What would be a better area for a beginning trad leader? I've been told that T-wall is no place to do your first trad lead. Looking to start learning to place gear and start trading leads w/my climbing partner. I lead sport up to 5.11b, been cleaning gear for the past 3 years I have a good idea of what a and bad placement look like.

Beau Vignes · · pensacola, fl · Joined Apr 2007 · Points: 10

I did my first trad lead at T wall. There are some moderate routes there that are great for learning. I think my first route on lead was Jaywalker.

Lee Harris · · Cleveland, TN · Joined Feb 2009 · Points: 30

I would second T wall. As a new leader I feel pretty comfortable there, especially in the cracks as the protection is abundant and straightforward, also there are several routes in the 5.7/8 range that are quite fun. Two bolt top anchors are nice too.

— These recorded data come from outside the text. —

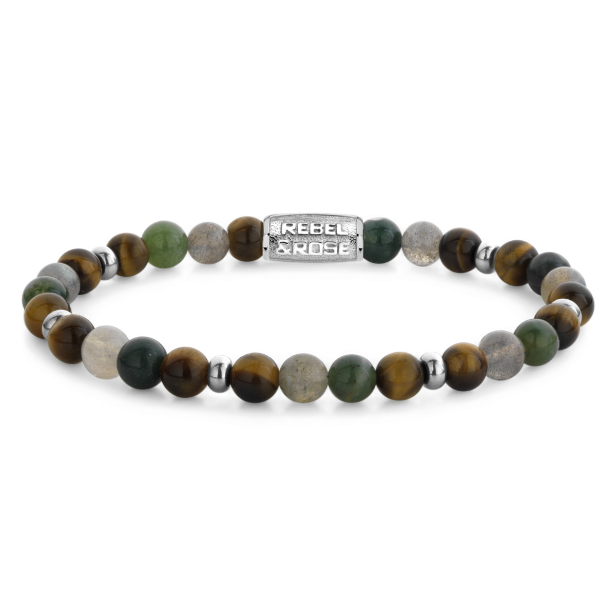 Bead armband, handgemaakt van 8mm stenen (Tijgeroog, Agaat, Labradoriet en kleine Stainless Steel elementen) met een zilverkleurige sluiting. De Rebel & Rose sieraden zijn makkelijk te combineren met andere zilveren, leren of kralenarmbanden.
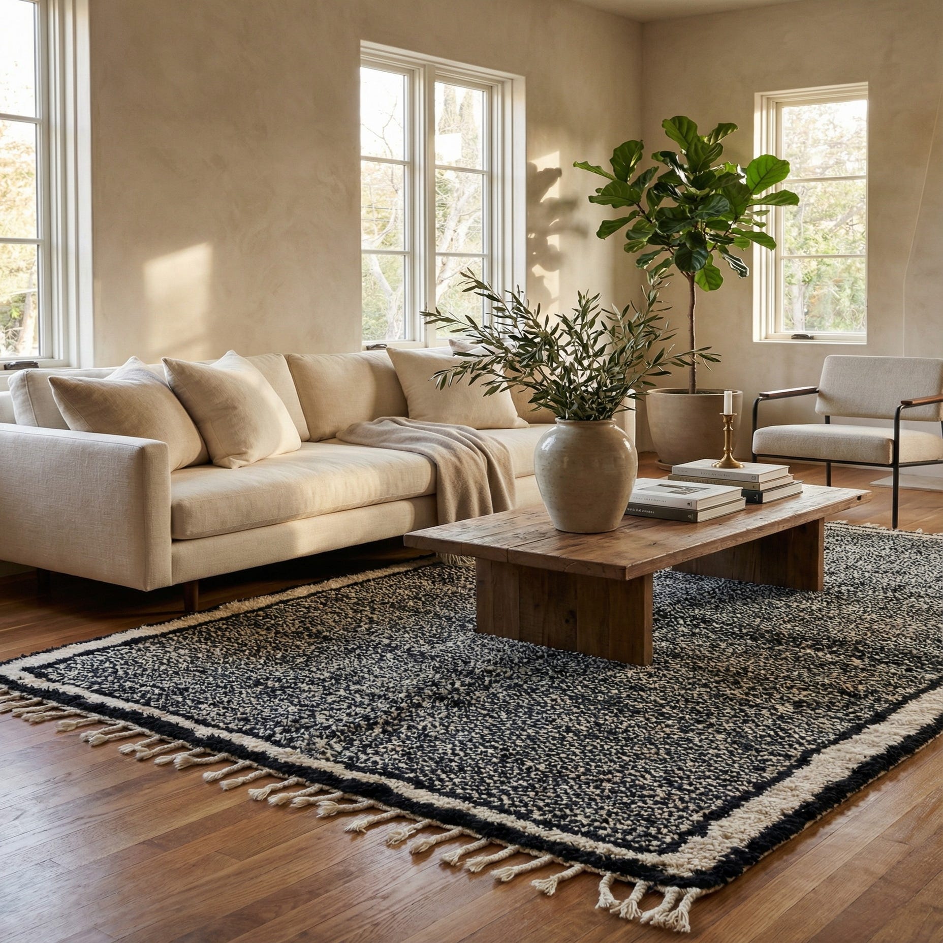 Primary color is Black. Colors in this rug include: Black, Ivory.
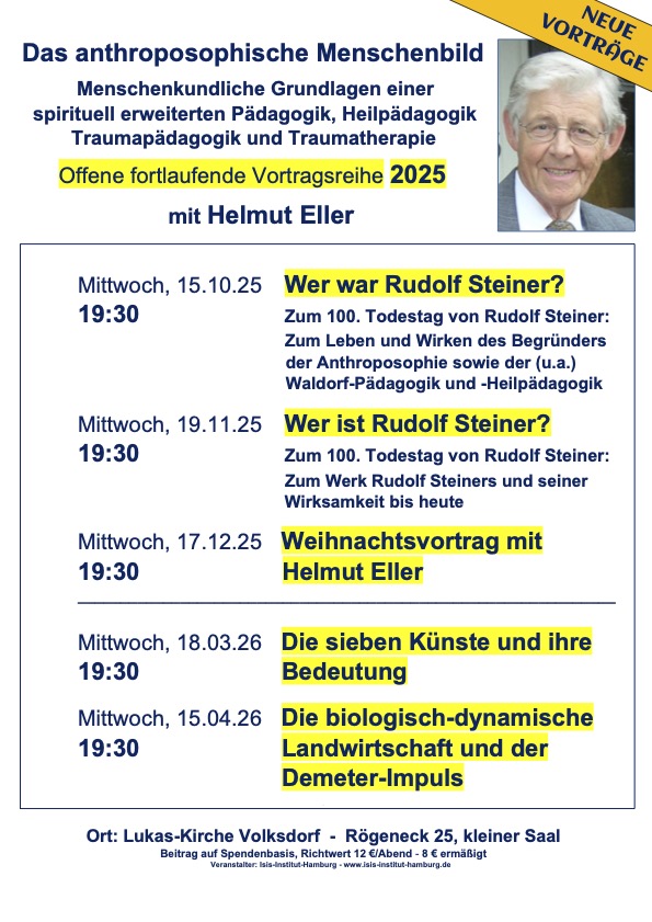 Dozent für die menschenkundlichen Grundlagen-Vorträge des Isis-Institutes im Fachbereich Anthroposophische Menschenkunde, die jeweils am 3. Mittwoch eines Monats ab November 2022 in der Lukas-Kirche Volksdorf unter dem Titel:
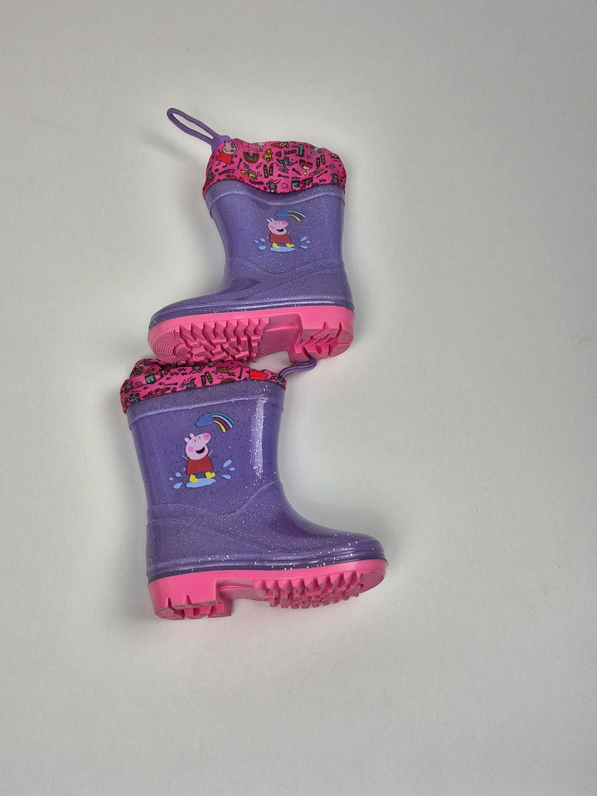 Veselé holínky v kombinaci fialové a růžové barvy s oblíbeným motivem prasátka Peppy. Lesklý materiál s jemným třpytivým efektem zaujme na první pohled a hravý vzor potěší každou malou fanynku pohádek. Protiskluzová podrážka v růžovém odstínu zajistí stabilitu při skákání v kalužích i běhání venku. Praktické poutko usnadňuje obouvání. Ideální volba do deště, na zahradu i na procházky v mokrém počasí. Vhodné především pro holčičku.
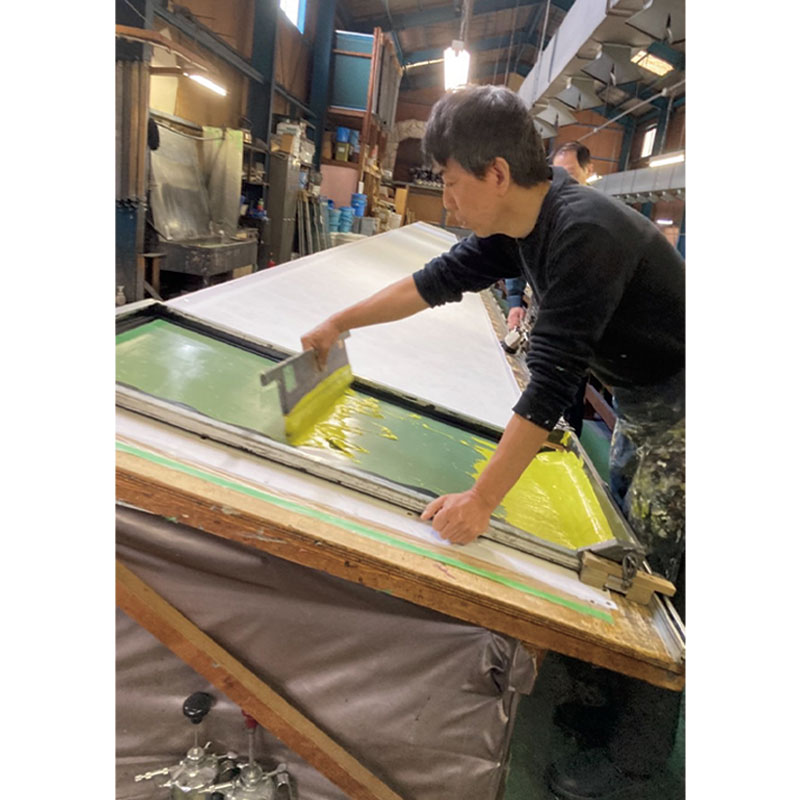 “lame clover”は職人さんによる手刷りプリント。光沢のあるラメ感と立体が特徴の特殊加工で、刺繍のような繊細さを残した精度の高さが魅力です。
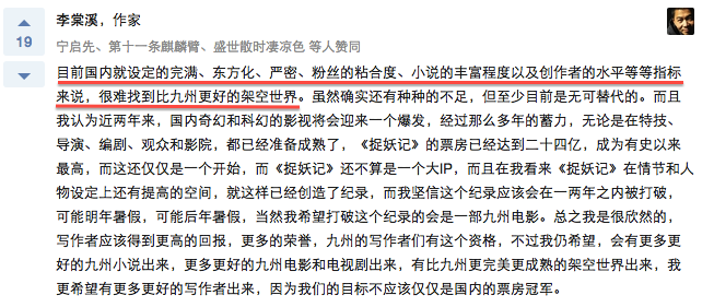 曾担任《九州幻想》执行主编的骑桶人(李棠溪)也在问答网站知乎上表示,近两年来,国内奇幻和科幻的影视将会迎来一个爆发。而目前国内就设定的完满、东方化、严密、粉丝的粘合度、小说的丰富程度以及创作者的水平等等指标来说,很难找到比九州更好的架空世界。

DB Cee · · Chattanooga, TN · Joined May 2007 · Points: 146

T-Wall

If anything, Sandrock is a redneck pile...and the T-Wall is gorgeous. Sunny, great rock, and not packed with retards (at least during the week)...make this place way better than Sandrock IMO.

camhead · · Vandalia, Appalachia · Joined Jun 2006 · Points: 1,240

I've not been to Sandrock, but have heard more negative things about it than about any other southern crag. T-wall definitely has a scattering of good 5.7s for the beginning trad leader, however. Go to T-wall. One of the best crags in the nation.

Justin Dansby · · NC · Joined Mar 2007 · Points: 1,530

+1 for Twall.

And instead of Sandrock, next time you are in that area go to Jamestown. Yum Yum Tree is a great 5.7 trad lead and no lines like Sandrock.

Tipton · · Unknown Hometown · Joined Jun 2010 · Points: 20

I feel like T-wall takes gear better than Sand Rock also. The rock at Sand Rock is often conglomerated and takes more effort to find placements, at t-wall you can pretty much plug and chug as the cracks are much smoother inside. Most of the easier cracks tend to eat gear.

SubantZ · · Georgia SON!!!! · Joined Feb 2009 · Points: 5

I would add.
SCREAMING LOUDY.
Do not go to SandRock.
unless you like to camp next to used comdoms.Walk over broken bottles like a gravel path. and stare at racial slurs and graffiti all day.
The place is a TURD. It is loved by few and hated by many.
There are much better crags in AL. GA. and TN.
I personally have never been to TWall. but they say it is the jam.
Someone pass the toast.
Your choice should be clear.
T Wall

Chuck Parks · · Atlanta, GA · Joined Jan 2008 · Points: 2,190

T-Wall is the place to do your first trad lead! Plenty of classic, well-protected climbs in the 5.7 - 5.8 range.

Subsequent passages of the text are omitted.